Anderson, director of quirky comedies such as The Royal Tenenbaums, makes his first foray into animation with this adaptation of Roald Dahl's classic children's story.

The White Ribbon (dir: Michael Haneke)

The Austrian-born Haneke has long been known for his punishing films, but his last, Funny Games, proved a little too much for our own Ryan Gilbey. Will this tale of malice and spite in early-20th-century Germany fare any better?

Bluebeard (dir: Catherine Breillat)

Famously retold by Angela Carter in her story collection The Bloody Chamber, this fairy tale gets a low-budget treatment from the provocative Breillat.

Tales from the Golden Age (dir: Cristian Mungiu)

The 20th anniversary of the fall of communism is being marked by various arts projects.

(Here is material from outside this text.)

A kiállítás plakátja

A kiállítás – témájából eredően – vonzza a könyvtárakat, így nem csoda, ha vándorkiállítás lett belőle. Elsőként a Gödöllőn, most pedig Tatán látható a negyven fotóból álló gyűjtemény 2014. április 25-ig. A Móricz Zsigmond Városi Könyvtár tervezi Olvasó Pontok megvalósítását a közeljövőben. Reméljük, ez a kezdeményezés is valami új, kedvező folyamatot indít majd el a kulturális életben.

Here, the acclaimed Romanian director Mungiu presents a series of vignettes of life under Ceausescu. You can read the NS review of his previous film, 4 Months, 3 Weeks and 2 Days, here.

Oil City Confidental (dir: Julien Temple)

After giving us documentaries on the Sex Pistols and the Glastonbury Festival, Temple turns his attention to Britain's much-maligned pub rock scene.

She, a Chinese (dir: Xiaolu Guo)

Guo is better known for her novels (the most recent of which we reviewed here), but she is also an accomplished film-maker. She, a Chinese tells the story of a young immigrant in Britain and features a score by John Parish, the PJ Harvey collaborator.

Hadewijch (dir: Bruno Dumont)

With a visual style that has more in common with the painters of his native Flanders than any of his contemporaries, Dumont cuts something of an outsider figure in French cinema. Hadewijch is tipped to be his best work yet -- while you wait for it, read this 2007 NS interview with the director.

Journey to the Moon (dir: Kutluğ Ataman)

Ataman, who was nominated for the Turner Prize in 2004, may be better known to NS readers as a video artist -- Fisun Güner wrote about him in April. Journey to the Moon reconstructs an incident from 1950s Turkey.

Perestroika (dir: Sarah Turner)

Structured around a journey on the Trans-Siberian Express, this exploration of amnesia is a promising highlight of the festival's experimental film strand.

Bad Lieutenant: Port of Call New Orleans (dir: Werner Herzog)

Herzog, the visionary German director who has been making films since the 1960s, is enjoying a late surge in popularity. This remake of a 1992 Abel Ferrara crime drama, starring Nicholas Cage, is a departure from his recent run of documentaries. You can read our Q+A with the director here.

Daniel Trilling is the Editor of New Humanist magazine. He was formerly an Assistant Editor at the New Statesman.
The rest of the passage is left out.